Secondly, how is the initial stop placement with this? I wasn't sure if I should have had a very tight stop or the current one at 16%. With the current stop there isn't high R:R potential.

SML Part 1.png
SML Part 2.png
 
You'll see that this is a chart from Feb 2004. I'm going over historical data and trading bar by bar.

This is the next one. It shot up sharply.

With the 16% stop, this represents an open profit of 2.8R

Price increased 20.8% on this day.


Now my third question is: Where do I exit? After such a sharp rise is it best to take my profit or to simply trail my stop? Volume is looking very strong and consistent.

SML Part 3.png
 
You'll see that this is a chart from Feb 2004. I'm going over historical data and trading bar by bar.

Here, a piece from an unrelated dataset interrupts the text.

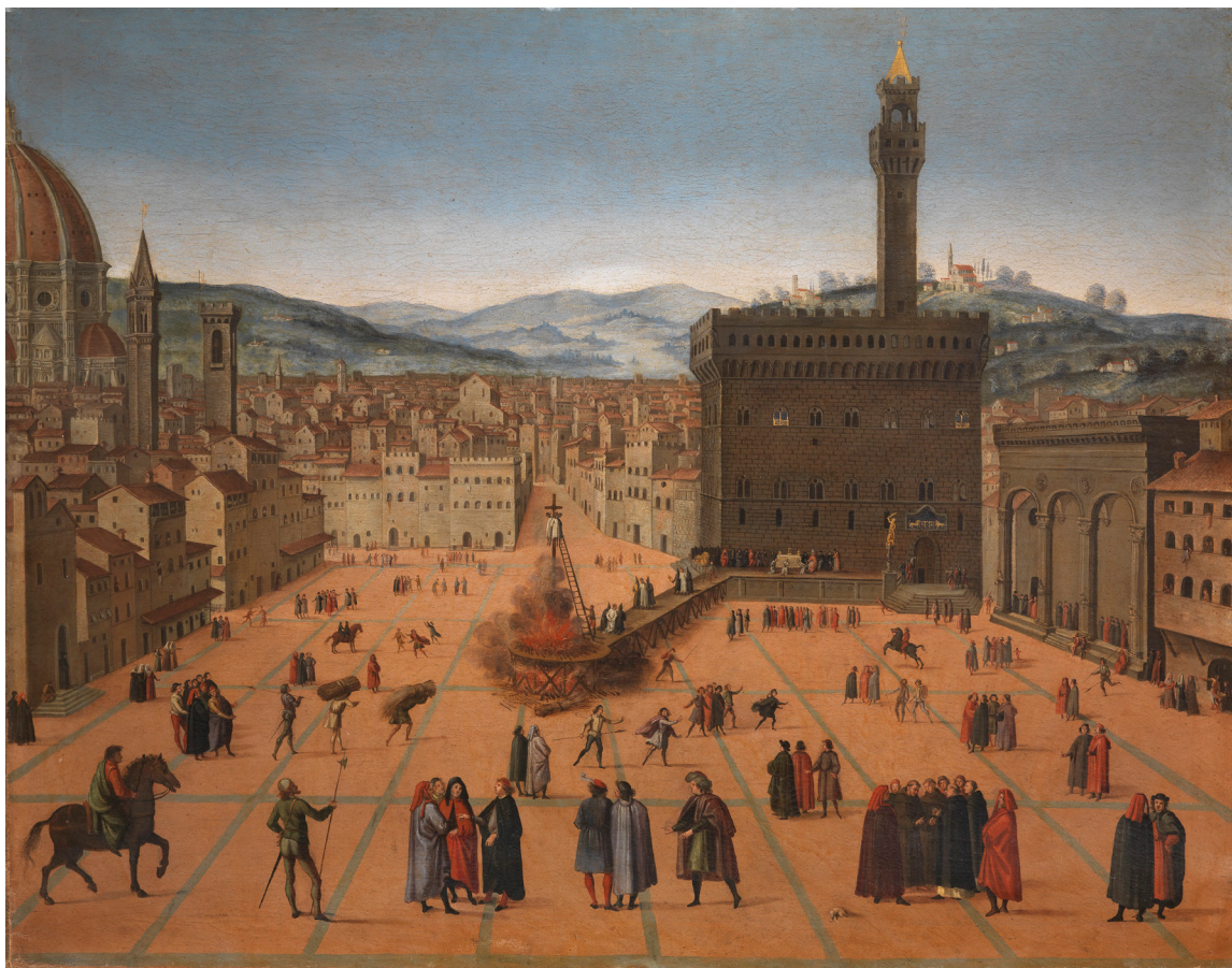
Florentine Painter after Francesco Rosselli The Execution of Savonarola and Two Companions at Piazza della Signoria 16th–17th century oil on canvas Florence, Galleria Corsini

This is the next one. It shot up sharply.

With the 16% stop, this represents an open profit of 2.8R

Price increased 20.8% on this day.


Now my third question is: Where do I exit? After such a sharp rise is it best to take my profit or to simply trail my stop? Volume is looking very strong and consistent.

View attachment 44838

IMO there is no one answer to this question - it depends on your trading rules. As long as you are sticking to those rules and not just getting out the trade because "I've made a handsome profit for 3 days"

But I like trailing stops because then you are letting the market decide when to get you out of the trade.

Yes 16% is a lot of risk IMO, perhaps you got onto that trade one day too late.
 
IMO there is no one answer to this question - it depends on your trading rules. As long as you are sticking to those rules and not just getting out the trade because "I've made a handsome profit for 3 days"

But I like trailing stops because then you are letting the market decide when to get you out of the trade.

Yes 16% is a lot of risk IMO, perhaps you got onto that trade one day too late.

I generally put a trailing stop under a "wide spread bar" but am playing around with my testing to see if there seems to be a good time to exit on close after a big move rather than waiting to be stopped out. Obviously the tradeoff between big potential profits and giving back profit needs to be considered.

I've got a couple of simulators open, placing the same trades but exiting at different points. I will compare them to see if there are any glaring inefficiencies staring me in the face. Obviously I don't want to curve fit though.


And with the 16%, usually I look for risk from anywhere between 4-12%. I need to work out where I am going to place my stops if I choose to take the odd larger risk size trade.
 
I've got a couple of simulators open, placing the same trades but exiting at different points. I will compare them to see if there are any glaring inefficiencies staring me in the face. Obviously I don't want to curve fit though.

Nice. No doubt you will find something along the way.
 
The answer is in understanding when a move is going to stall or reverse.
I agree with Billy that there isnt one hard fast rule.
In fact my rules would have seen me out on the next day.(50% of the previous bar)
I would have been only a little worse off had I kept the trade until further analysis gave me strong clues of a reversal.